A public advisory should not include unnecessary exploit mechanics, sensitive artifacts, private correspondence, unredacted data, or operational details that materially increase exploitation risk before remediation is broadly available.
12. Reporter Credit
Reporter credit is discretionary. PCL may withhold or anonymize credit when:
- the reporter requests anonymity;
- the authorization basis is unclear;
- the report involved policy violations;
- credit would expose a minor or vulnerable person;
- credit would reveal sensitive employment, contractual, or legal context;
- a vendor or coordinator has a legitimate safety concern.
13. Compensation
PCL does not operate a bug bounty program.
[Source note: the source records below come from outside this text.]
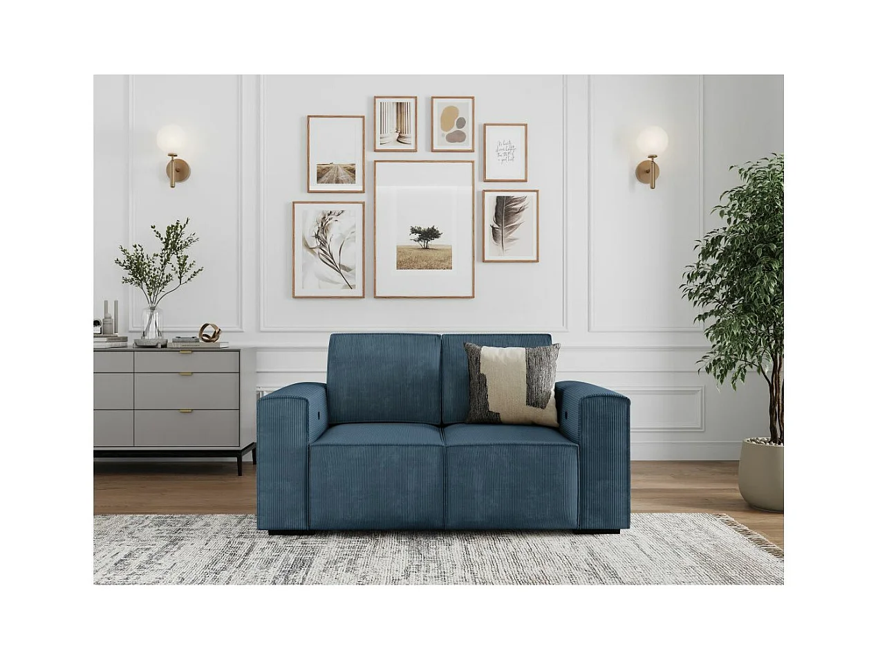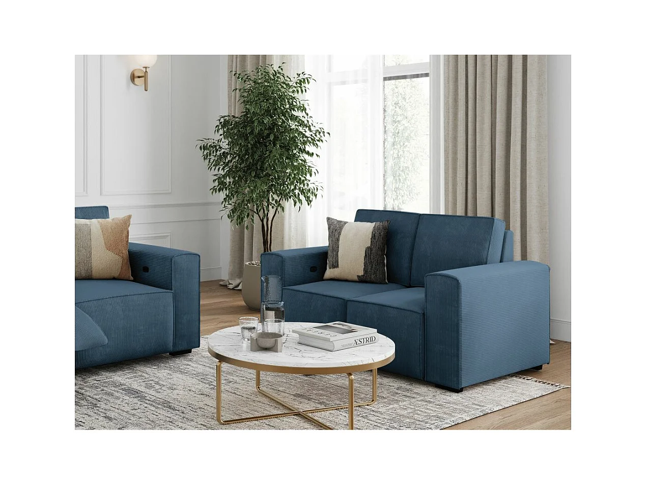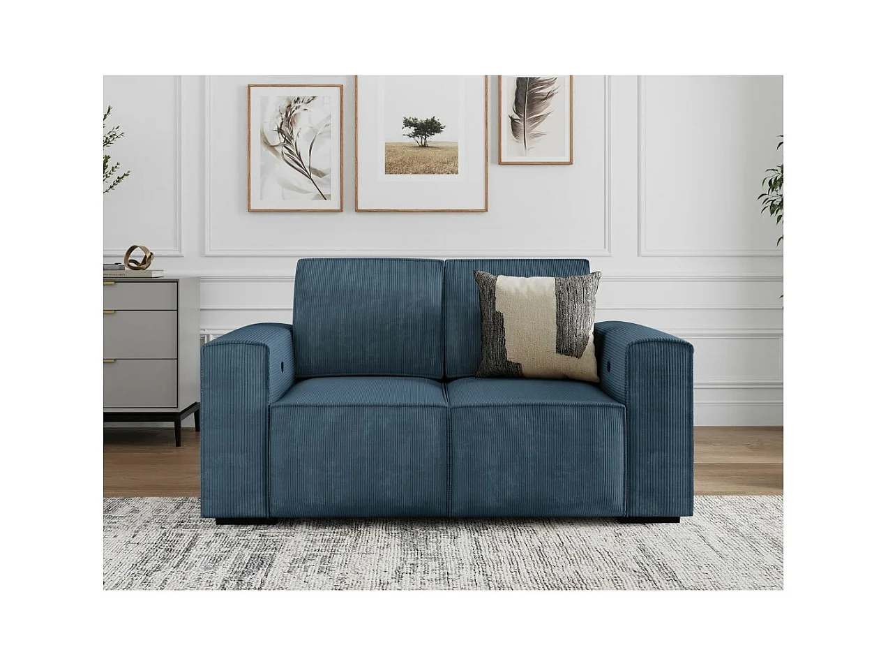 Canapé de relaxation électrique Charline 2 places en velours côtelé - Bleu foncé - L165 x P97 x H92cm - Loungitude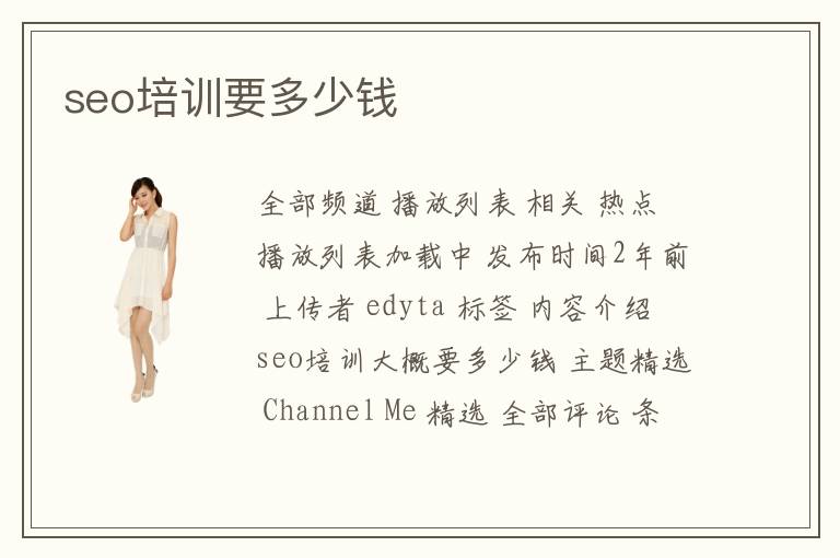 全部频道 播放列表 相关 热点 播放列表加载中 发布时间2年前 上传者 edyta 标签 内容介绍 seo培训大概要多少钱 主题精选 Channel Me 精选 全部评论 条评论 验
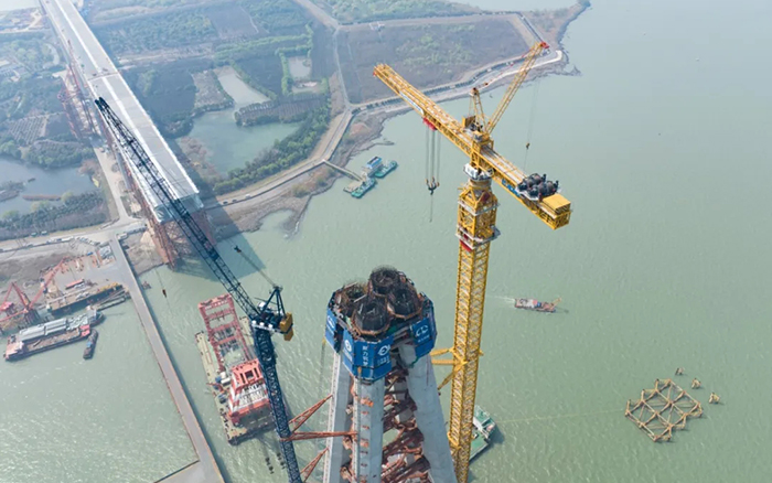 為有力保障常泰長江大橋這一世界級超級工程的建設,徐工與中鐵大橋局聯合研發了全球最大塔機XGT15000-600S,于2022年6月2日成功下線交付。該產品額定起重力矩達15000噸米,最大起升高度400米,最大起重量600噸,可有效解決項目吊裝構件重、施工高度高、作業跨度大等行業施工的“老大難”問題。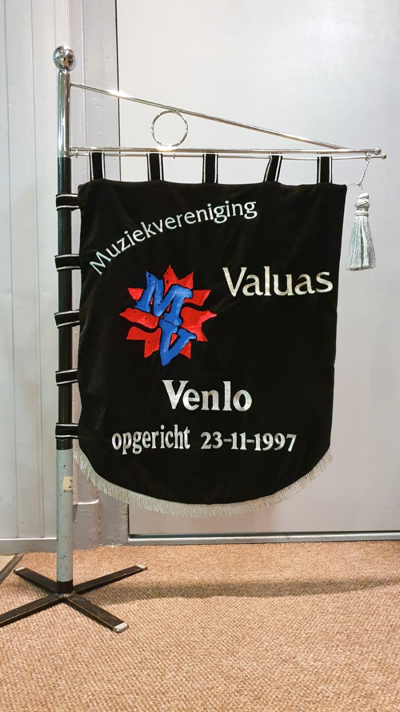 Het vaandel is van de gehele Muziekvereniging Valuas en dient zodoende ook voor zowel de brassband als de percussiongroep.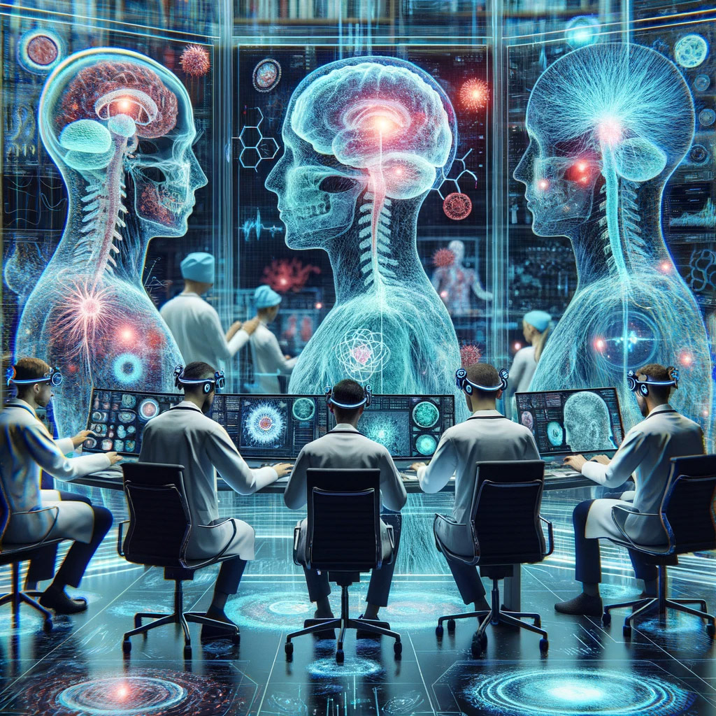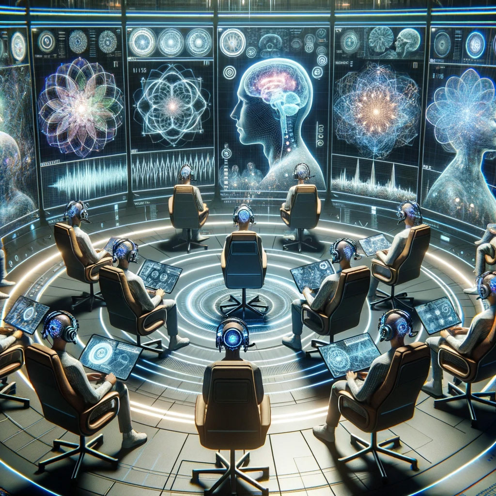 Representing the concept visualizations leaves much room for interpretation in some cases, and less in others. For example, the Cirque du Soleil performance capture image is specific to my artistic inspirations and vision - you can see some of the original imagery on other parts of this site. The real-time AR runway performance capture and VR therapy imagery are relatively generic in their representation here, but that's good enough to establish the concept. The more sophisticated ideas around brain interfaces, real-time visualization, and new language forms are more nebulous. The more abstract, the more room to let the AI take license in representation and explore.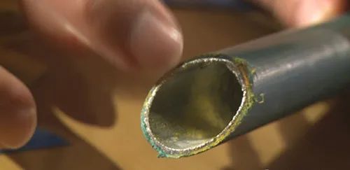 ◆内穿直径1.2厘米钢筋的不锈钢圆管防盗窗。耗时8分多钟,折断3根锯条最终放弃(这个最难锯)。
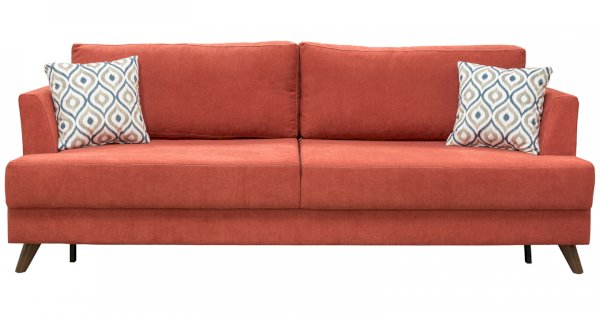 Лаконичный и элегантный диван легко впишется в любой современный интерьер. Из нескольких вариантов обивки вы легко сможете подобрать цветовое решение, подходящее именно вам. Высокие подлокотники и декоративные подушки обеспечивают комфортную посадку.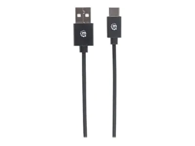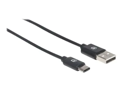Manhattan USB-C to USB-A Cable, 2m, Male to Male, Black, 480 Mbps (USB 2.0), Hi-Speed USB, Lifetime Warranty, Polybag - USB-Kabel - 24 pin USB-C (M) zu USB (M) - USB 2.0 - 3 A - 2 m - geformt - Schwarz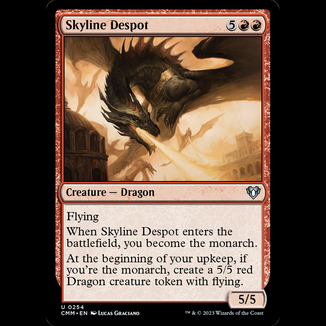At the beginning of your upkeep, if you're the monarch, create a 5/5 red Dragon creature token with flying.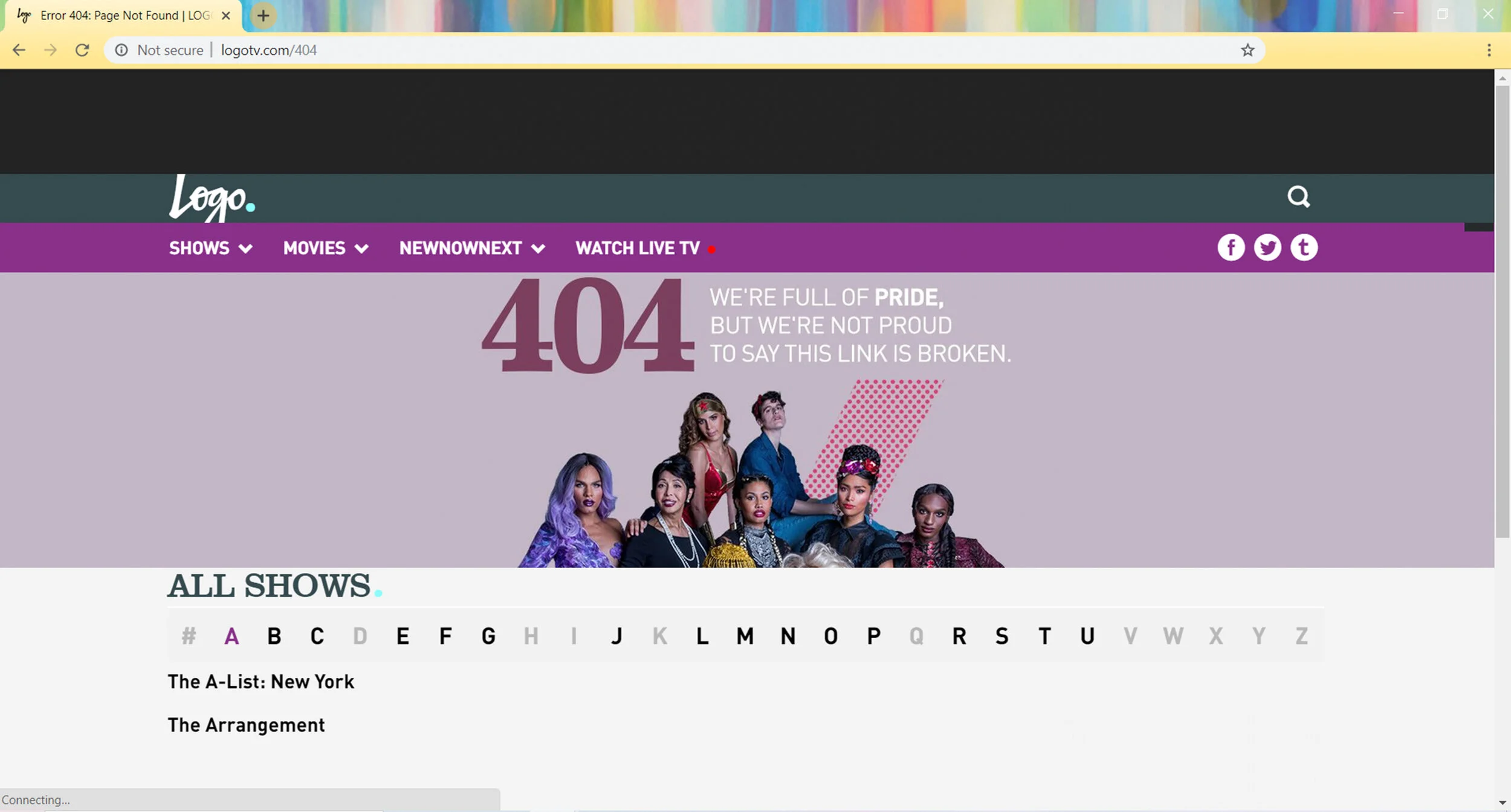 404/Page not found images for when users click on a link on Logo TV’s website and the page is no longer available

Submission does not create entitlement to payment, reward, employment, access, public credit, advisory authorship, or continued engagement.
If a report is covered by a vendor’s bounty program, that program’s rules apply between the reporter and the vendor. PCL does not guarantee bounty eligibility.
14. Abuse, Escalation, and Refusal
PCL may refuse or terminate engagement when a reporter:
- threatens public disclosure to obtain money, access, employment, or acknowledgment;
- continues unauthorized testing after being told to stop;
- submits weaponized exploit material;
- sends unnecessary sensitive data;
- misrepresents identity, affiliation, or authorization;
- harasses vendors, users, researchers, or PCL personnel;
- attempts to use PCL as cover for unauthorized activity.
Where required or necessary to prevent harm, PCL may preserve records and notify affected parties, coordinators, platform operators, or appropriate authorities.
15. Changes
PCL may revise this policy as its process, legal environment, or publication model changes. The current version applies to new submissions. Existing cases may be transitioned to a newer version when doing so improves clarity or safety.